• [AVAILABLE RECORDS]

"""

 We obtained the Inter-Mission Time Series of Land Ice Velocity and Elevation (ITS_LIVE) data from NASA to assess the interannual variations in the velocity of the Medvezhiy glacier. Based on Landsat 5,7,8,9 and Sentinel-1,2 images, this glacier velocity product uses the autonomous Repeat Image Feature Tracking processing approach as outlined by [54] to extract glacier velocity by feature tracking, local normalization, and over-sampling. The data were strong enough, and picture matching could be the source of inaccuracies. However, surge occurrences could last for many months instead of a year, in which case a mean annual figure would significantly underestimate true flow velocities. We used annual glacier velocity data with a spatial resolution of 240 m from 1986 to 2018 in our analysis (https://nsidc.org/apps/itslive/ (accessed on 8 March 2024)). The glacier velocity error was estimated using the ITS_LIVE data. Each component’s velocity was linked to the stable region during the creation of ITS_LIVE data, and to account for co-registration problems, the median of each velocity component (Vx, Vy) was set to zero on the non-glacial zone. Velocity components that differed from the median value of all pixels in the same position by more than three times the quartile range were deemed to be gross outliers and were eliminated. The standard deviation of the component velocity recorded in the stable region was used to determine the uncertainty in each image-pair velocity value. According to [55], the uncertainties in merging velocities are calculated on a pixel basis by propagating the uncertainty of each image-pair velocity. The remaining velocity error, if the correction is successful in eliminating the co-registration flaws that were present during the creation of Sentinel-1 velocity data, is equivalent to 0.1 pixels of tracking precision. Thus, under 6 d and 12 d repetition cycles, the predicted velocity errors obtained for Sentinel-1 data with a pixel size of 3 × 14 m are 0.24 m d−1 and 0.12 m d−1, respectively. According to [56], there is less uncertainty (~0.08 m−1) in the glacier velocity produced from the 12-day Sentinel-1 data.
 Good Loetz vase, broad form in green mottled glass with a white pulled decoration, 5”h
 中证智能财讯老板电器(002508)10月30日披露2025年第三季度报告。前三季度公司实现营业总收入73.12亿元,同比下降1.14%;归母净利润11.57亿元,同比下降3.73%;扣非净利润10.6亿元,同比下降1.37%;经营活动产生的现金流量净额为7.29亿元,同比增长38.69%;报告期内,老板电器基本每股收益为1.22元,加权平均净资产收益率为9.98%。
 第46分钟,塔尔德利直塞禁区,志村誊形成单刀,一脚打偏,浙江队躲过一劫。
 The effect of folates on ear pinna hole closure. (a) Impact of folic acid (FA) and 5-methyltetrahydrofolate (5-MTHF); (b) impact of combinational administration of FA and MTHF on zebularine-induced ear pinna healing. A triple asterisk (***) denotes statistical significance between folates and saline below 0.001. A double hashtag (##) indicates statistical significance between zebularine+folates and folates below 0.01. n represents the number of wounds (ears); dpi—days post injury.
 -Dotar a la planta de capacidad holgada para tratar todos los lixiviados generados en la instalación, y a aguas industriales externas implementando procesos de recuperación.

"""
"""

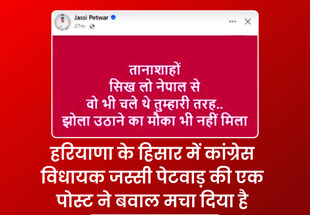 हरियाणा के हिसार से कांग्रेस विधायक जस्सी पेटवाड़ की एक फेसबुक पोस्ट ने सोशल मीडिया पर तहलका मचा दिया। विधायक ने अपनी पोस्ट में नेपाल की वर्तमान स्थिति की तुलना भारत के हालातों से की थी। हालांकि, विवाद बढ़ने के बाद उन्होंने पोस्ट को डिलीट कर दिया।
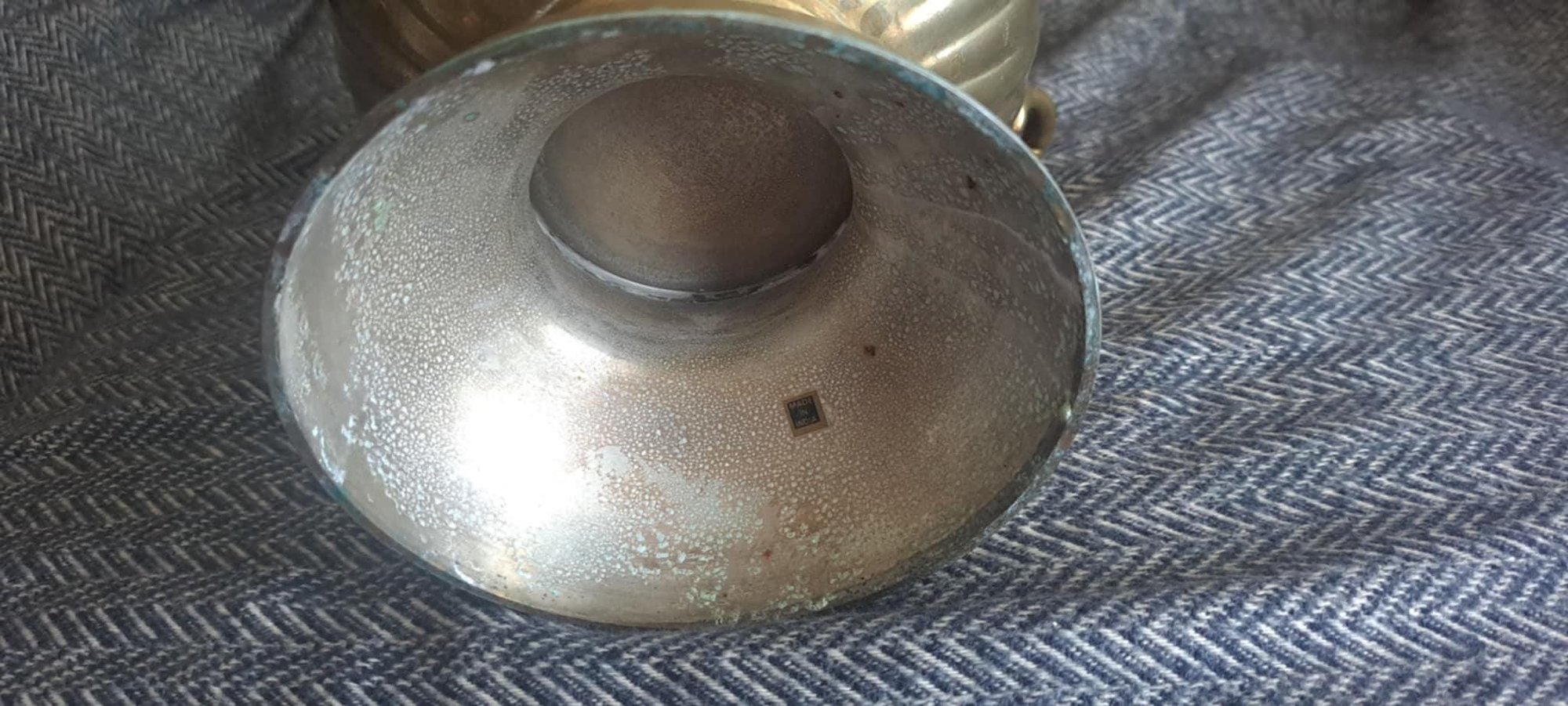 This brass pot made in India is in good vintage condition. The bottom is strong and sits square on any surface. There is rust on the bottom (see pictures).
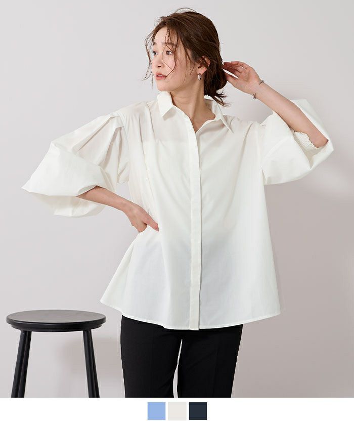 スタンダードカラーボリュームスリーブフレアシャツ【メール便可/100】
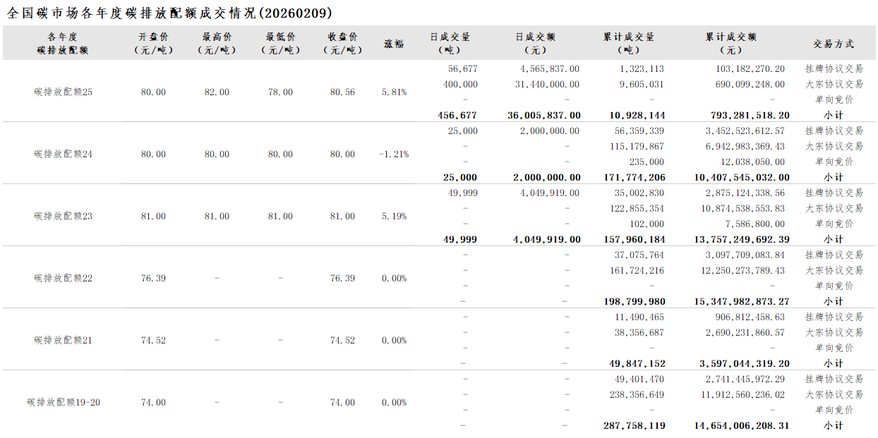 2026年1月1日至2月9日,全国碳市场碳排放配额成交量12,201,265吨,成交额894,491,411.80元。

"""
"""

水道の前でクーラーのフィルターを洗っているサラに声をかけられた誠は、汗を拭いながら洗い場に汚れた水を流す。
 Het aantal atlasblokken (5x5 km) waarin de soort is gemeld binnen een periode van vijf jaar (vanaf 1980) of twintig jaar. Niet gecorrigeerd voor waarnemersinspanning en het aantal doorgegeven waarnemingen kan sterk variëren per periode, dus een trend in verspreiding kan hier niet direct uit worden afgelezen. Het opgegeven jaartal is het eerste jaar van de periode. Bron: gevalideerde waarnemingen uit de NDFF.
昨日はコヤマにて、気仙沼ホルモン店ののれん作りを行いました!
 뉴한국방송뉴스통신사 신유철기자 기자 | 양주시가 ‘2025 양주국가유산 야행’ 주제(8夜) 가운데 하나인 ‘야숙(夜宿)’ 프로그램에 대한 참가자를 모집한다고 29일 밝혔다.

"""

• [ABOUT THIS EXERCISE]
In the data above, find the line that contains "Het aantal atlasblokken" and the line that contains "뉴한국방송뉴스통신사 신유철기자 기자". Repeat exactly those lines and every line between them, and only those.

• [OUTPUT BELOW]
 Het aantal atlasblokken (5x5 km) waarin de soort is gemeld binnen een periode van vijf jaar (vanaf 1980) of twintig jaar. Niet gecorrigeerd voor waarnemersinspanning en het aantal doorgegeven waarnemingen kan sterk variëren per periode, dus een trend in verspreiding kan hier niet direct uit worden afgelezen. Het opgegeven jaartal is het eerste jaar van de periode. Bron: gevalideerde waarnemingen uit de NDFF.
昨日はコヤマにて、気仙沼ホルモン店ののれん作りを行いました!
 뉴한국방송뉴스통신사 신유철기자 기자 | 양주시가 ‘2025 양주국가유산 야행’ 주제(8夜) 가운데 하나인 ‘야숙(夜宿)’ 프로그램에 대한 참가자를 모집한다고 29일 밝혔다.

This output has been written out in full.